Буца, архитектор, построивший погребальный пантеон на главном кладбище города и дворец бракосочетаний в Авлабаре, вспомнил:
– О времени! Ты начал о времени.
– Разве?.. Значит, о времени… Древние считали, что это река. Просто и буквально – река. Как Мтквари. Греки называли её Стикс и переплывали лишь однажды, с Хароном, чтобы отправиться к мёртвым. Не бесплатно, они платили за это одну монетку, скажем, драхму… Но мы пока что плывём по реке не поперёк, а вдоль. Совершенно задаром. И вниз по течению. Плывём, смотрим на берега, смотрим в первый и в последний раз. Кое-какие правила мы знаем. К примеру – не стоит выходить на берег, попутчики уплывут без тебя. Или вот: к истоку нам не дано вернуться… А впереди – не исключено – нас с вами ждёт водопад. В последнее время слышен подозрительный рокот…

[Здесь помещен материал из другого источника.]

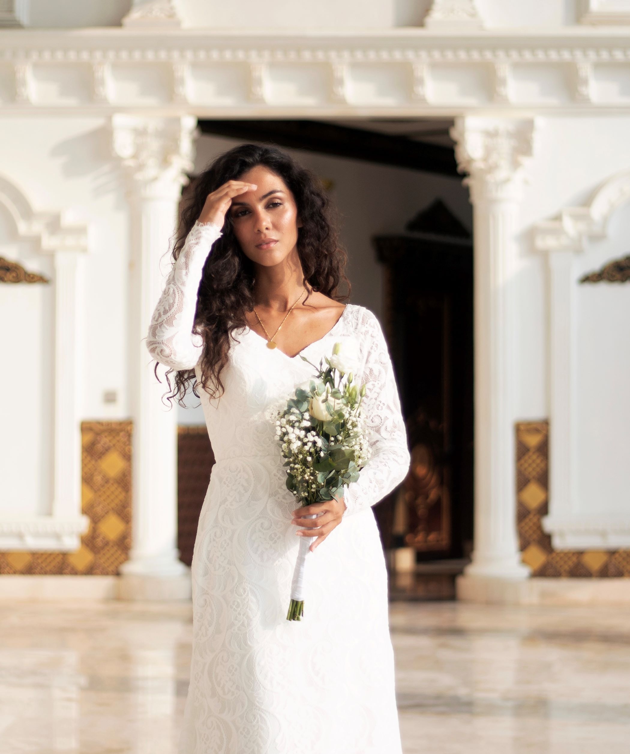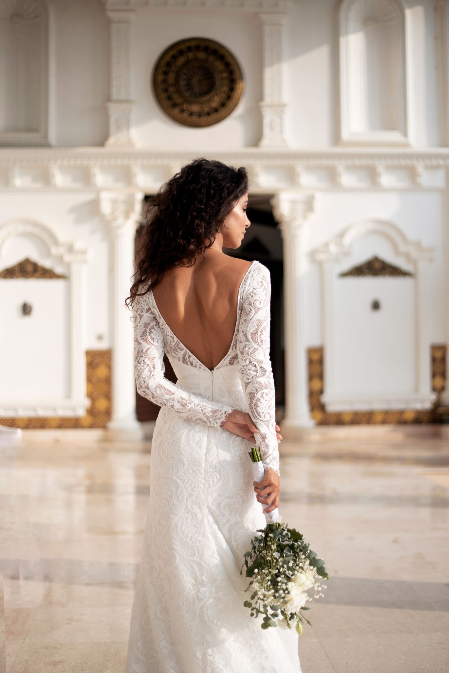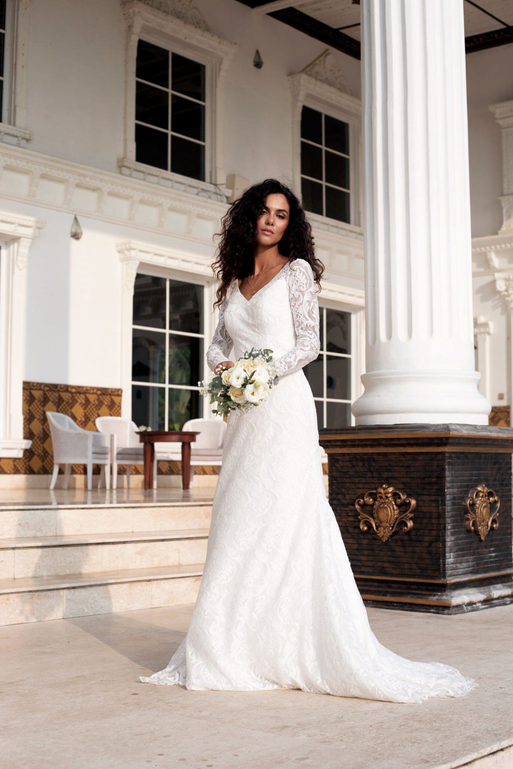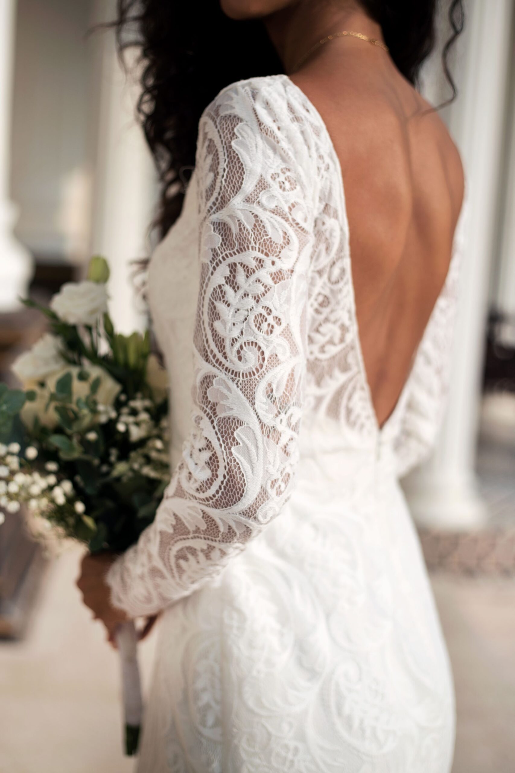 “Cassandra” gown is a backless sheath dress in lace with a simple classic V-neckline and full sleeves with a perfect hourglass silhouette. The delicate lace fabric adds a touch of luxury and texture to the gown’s minimal and sophisticated design.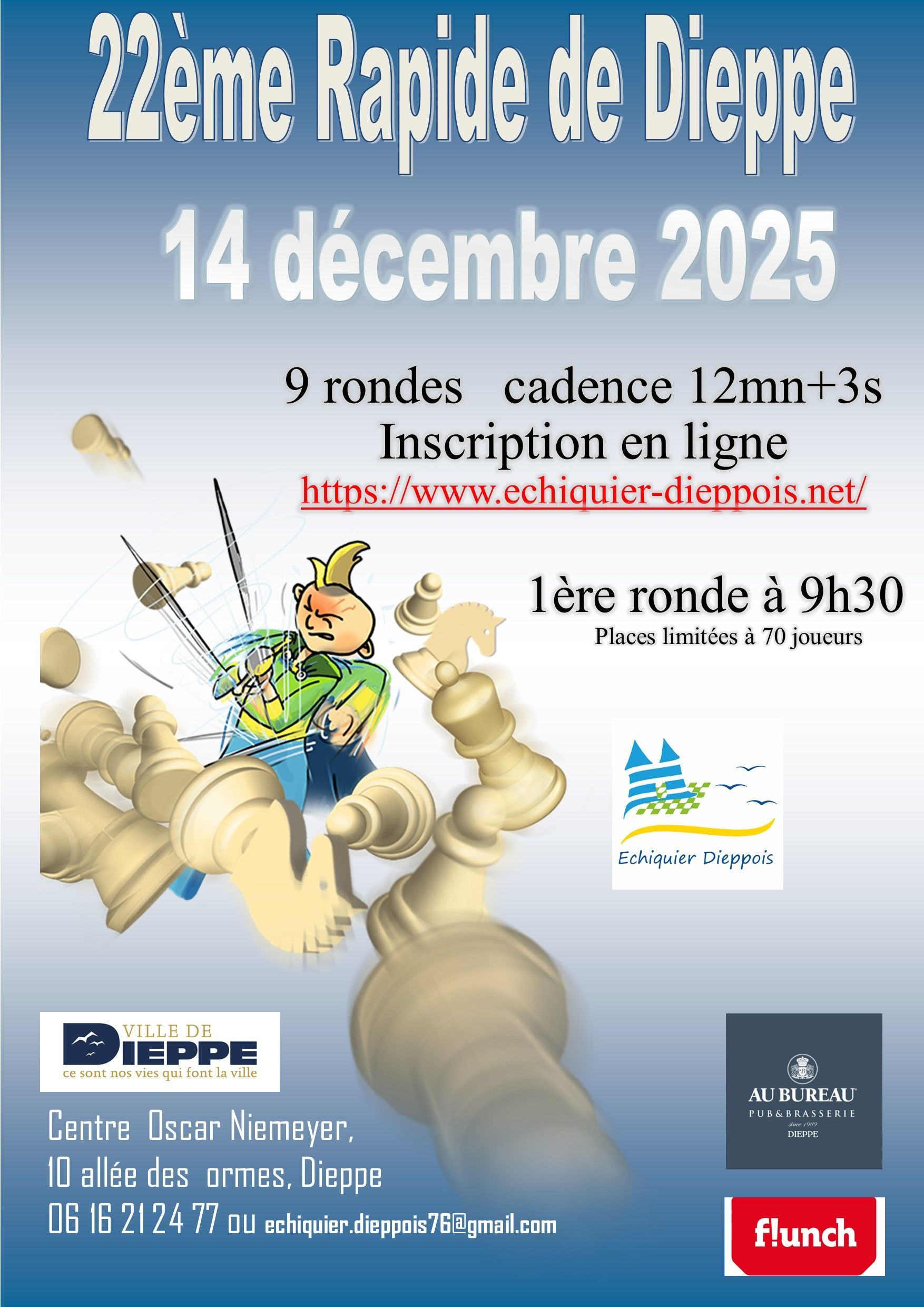 Le week-end dernier s'est tenu le premier Festival du Petit-Caux avec deux tournois A et B dans lesquels nos joueurs dieppois étaient bien présents. Dans le Tournoi principal, c'est le maître international Kamran Shirazi qui s'impose et le premier dieppois n'est pas loin avec la cinquième pour Jean Lefrançois qui continue de tutoyer les sommets. Dans le Tournoi réservé aux moins de 1800 elo, nous obtenons une belle 6ème place grâce à Camille Henin. Beau tournoi de David, Agnès, Marat, Marcus et Rémi qui engrangent de l'expérience avec de belles parties disputées. Félicitations au club du Petit-Caux pour la tenue et la réussite de ce Festival. Prochain tournoi le rapide d'orcher la tour !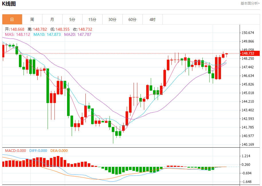 汇价高见148.782,低见148.355。上一交易日,汇价收于148.669。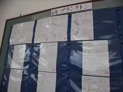 理科室前の廊下には,子どもたちがかいた観察の記録が掲示してあります。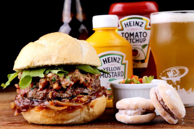 Tesoureiro: Pão crocante, cebola caramelizada, hambúrguer de costela, linguiça Blumenau gratinada com quatro queijos e rúcula fresca. Acompanhamento: Molho campeiro e alfajor.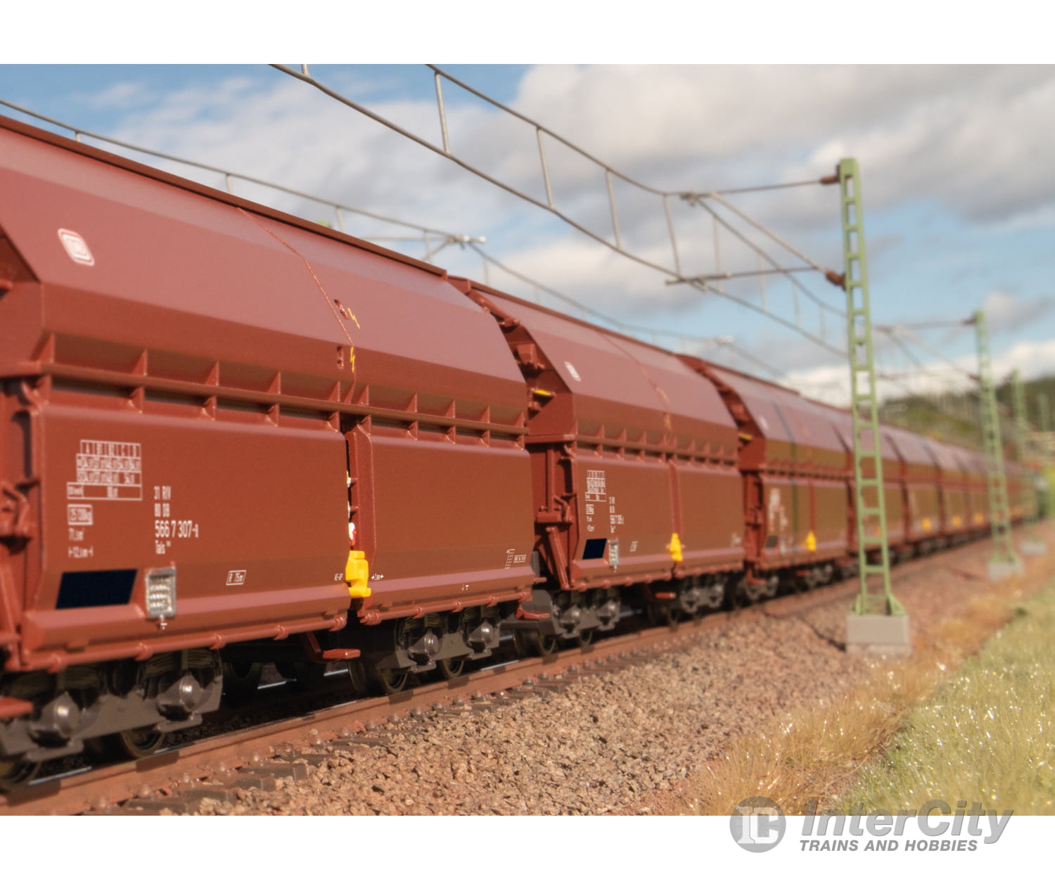 Model: These hinged roof cars are to scale and are detailed in their construction with many separately applied details. There are 24 different car numbers. All the cars have 2 separately applied transition platforms, and 12 cars have a brake wheel at Car End 2. The side of each car includes a step for boarding the car and boarding grab irons as well as boarding holes on the upper body. The hinged roof can be swung manually to the side. All the cars in the display are individually packaged. The buffer height on all the cars conforms to the NEM. Length over the buffers per car 14.4 cm / 5-11/16. DC wheelset per car E700580.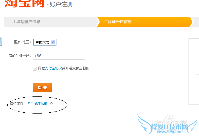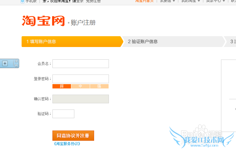 有人说我已经注册过淘宝号了,不能重复注册。我这里可以很负责人的告诉你注册多少都可以的。填好账号密码来到验证账号信息的页面,有一个不认真看很难注意的细节。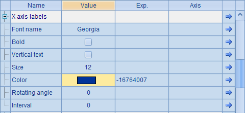 标签的字体属性与标题类似,不过多了一个Interval属性,可以使得标签间隔显示。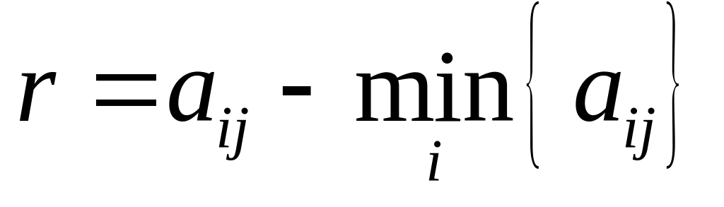Критерий Севиджа. Опирается на принцип минимакса – принцип максимальной осторожности. В качестве исходных данных рассматриваются не исходные оценки альтернатив – платежи, а риски, связанные с выбором альтернативы.

Кто-то за столом горестно вздохнул. Это был актёр. Пико продолжил:
– Бывают и райские заводи. Как у нас с вами сегодня. К сожалению, к ним мы не сможем вернуться. Река держит в тайне будущее, сохраняя интригу до конца… Но есть еще память, очень странная упрямая речушка вот здесь, – Пико постучал пальцем по лысине. – Странность ее в том, что она течет вспять. А упрямство в том, что память нам неподвластна, она сама выбирает, что помнить, а что забыть… Сама выбирает… – Пико замолчал, но через миг встрепенулся. – Кстати, о забывчивости: Буца настаивает, что каждый тост должен заканчиваться словами «так выпьем же за», а я об этом забываю. Ну вот, я вспомнил и потому заканчиваю… Выпьем за время. Но выпьем и за память. За обе эти речки! Пусть время унесёт нас, а память вернёт в этот осенний день… Икос[11].
– Гаумарджос[12]! – подхватили за столом.
Пико выпил, сел и принялся с тихим удовольствием расправляться с осетриной, поливая ее гранатовым соусом…
Гого, девочка
Прошло сто лет. Нет, тысяча лет.
Августа приехала сегодня утром, поселилась в небольшой гостинице, повисшей, как ласточкино гнездо, на скале над рекою, стала обзванивать друзей. Не нашла никого. Иногда те, чьи голоса возникали в телефонной трубке, не знали даже имён, что она называла. Домашний номер Профессора молчал. Она позвонила через час, долго не вешала трубку и, наконец, услышала глухое и знакомое: «Диах». Это значило «Да».
Да, это был он, никогда не пьяневший, похоже, наконец-то с похмелья. Или смертельно болен, или просто спросонья, или всё сразу. Но узнал её – и протрезвел, ожил, проснулся. Обрадовался и даже сознался в этом: «Я рад».
И сразу назначил свидание: «Жду тебя в шесть, у Сиони». Назначил встречу и повесил трубку. Как всегда.